Un Presidente del Gobierno digno de ese cargo debería salir inmediatamente a deslegitimar este tipo de comentarios sediciosos y pedir la dimisión de sus autores. Porque aunque es cierto que el Tribunal Constitucional adolece hoy más que nunca de falta de credibilidad por la excesiva politización de sus magistrados, la solución pasa por cambiar el sistema de acceso o la composición del Tribunal. Lo que no podemos permitir es que cargos públicos deslegitimen sin consecuencias las eventuales decisiones del máximo intérprete de nuestra Constitución, y además sólo cuando no favorecen sus intereses, porque, seguramente, los mismos políticos que lo critican hoy, alabarían la sentencia y el buen hacer de los magistrados que secundasen el fallo favorable al Estatuto.

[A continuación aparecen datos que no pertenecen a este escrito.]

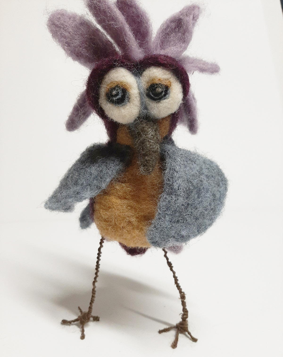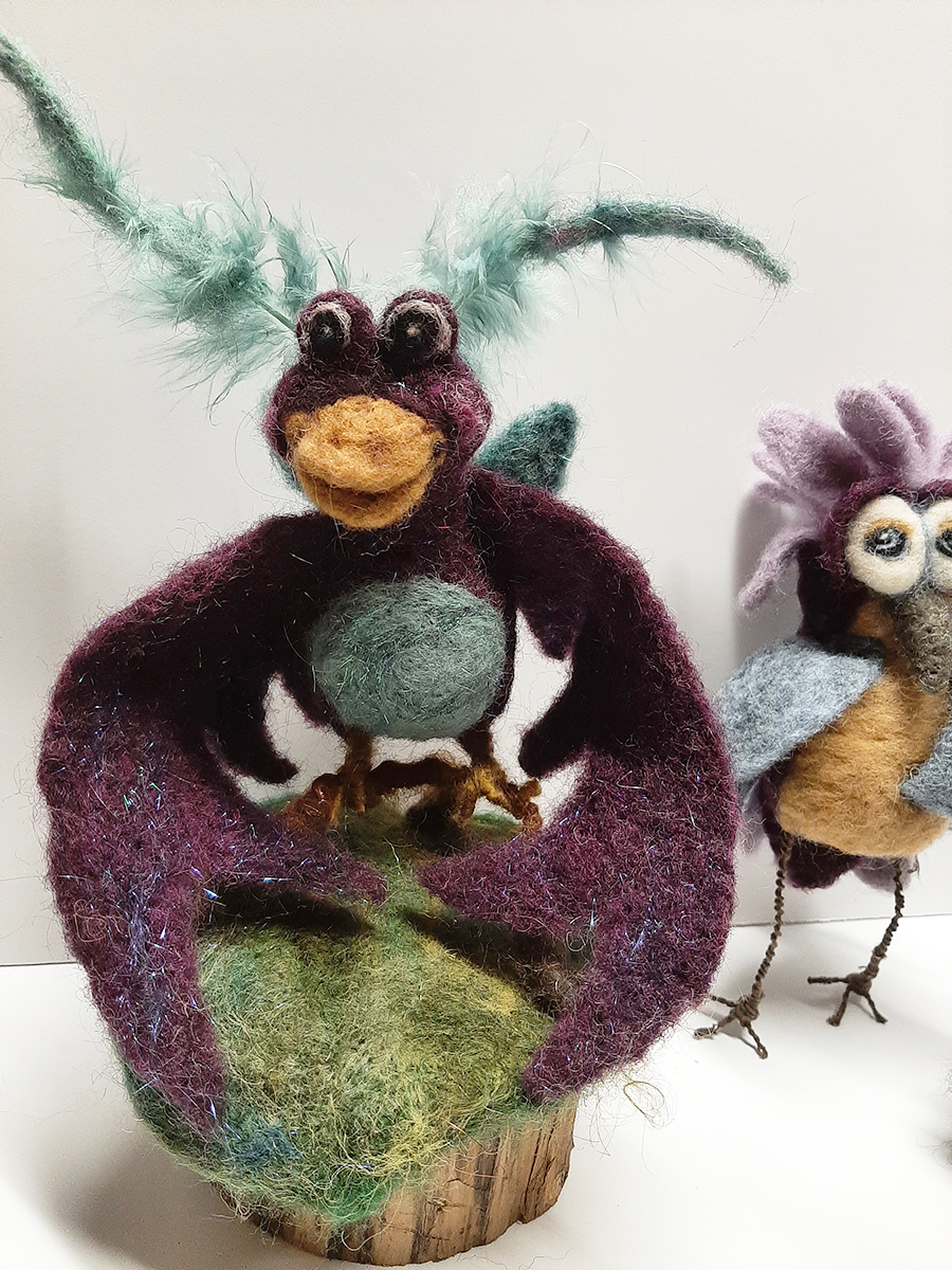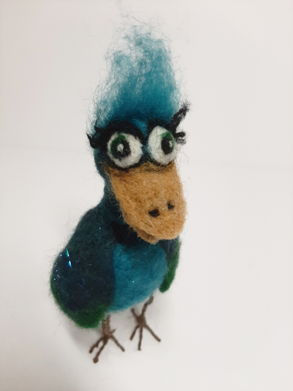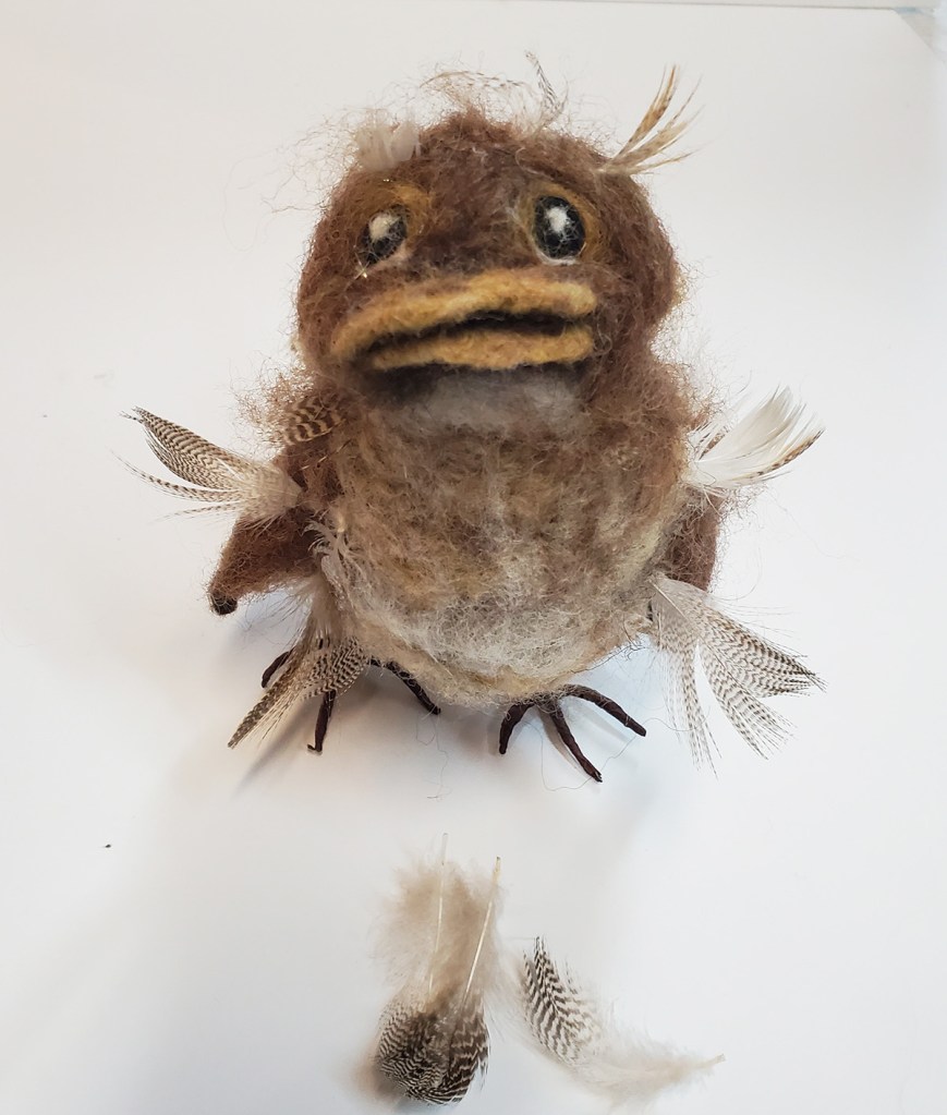Learn to use special needles to felt an adorable funky chicken, owl, eagle, or bird of any kind that inhabits your imagination! This is a great class for beginners. We will learn to make wire legs and how to add real feathers to the felt if desired. You can make several simple ones or one ‘fancy’ one in the class as time allows.

Así sucedió, por ejemplo, en el llamado «caso LOAPA», Ley Orgánica de Armonización del Proceso Autonómico, fruto de un pacto de Estado entre UCD y el PSOE (que muchos calificaron como deriva centralista del partido socialista y que hoy produce más que añoranza). La LOAPA, basada en el trabajo de expertos juristas, entre otros el hoy eurodiputado por UPyD Francisco Sosa Wagner, pretendía evitar que la entonces incipiente diversidad de disposiciones normativas de las CCAA produjera una desarmonía contraria al interés general (como efectivamente sucede hoy en día, con 17 leyes distintas para casi todo).
El 5 de agosto de 1983 el Tribunal Constitucional estimó parcialmente los recursos formulados entre otros por el Parlamento y el Gobierno catalanes contra dicha Ley y declaró inconstitucionales 14 de los 38 artículos. Lo que sorprende al leer dicha sentencia es que uno de los principales argumentos de los nacionalistas era entonces que las leyes orgánicas emanadas del Parlamento que pretendan incidir en el reparto de competencias entre el Estado y las CCAA «pueden y debe ser corregidas en última instancia por el propio Tribunal Constitucional.»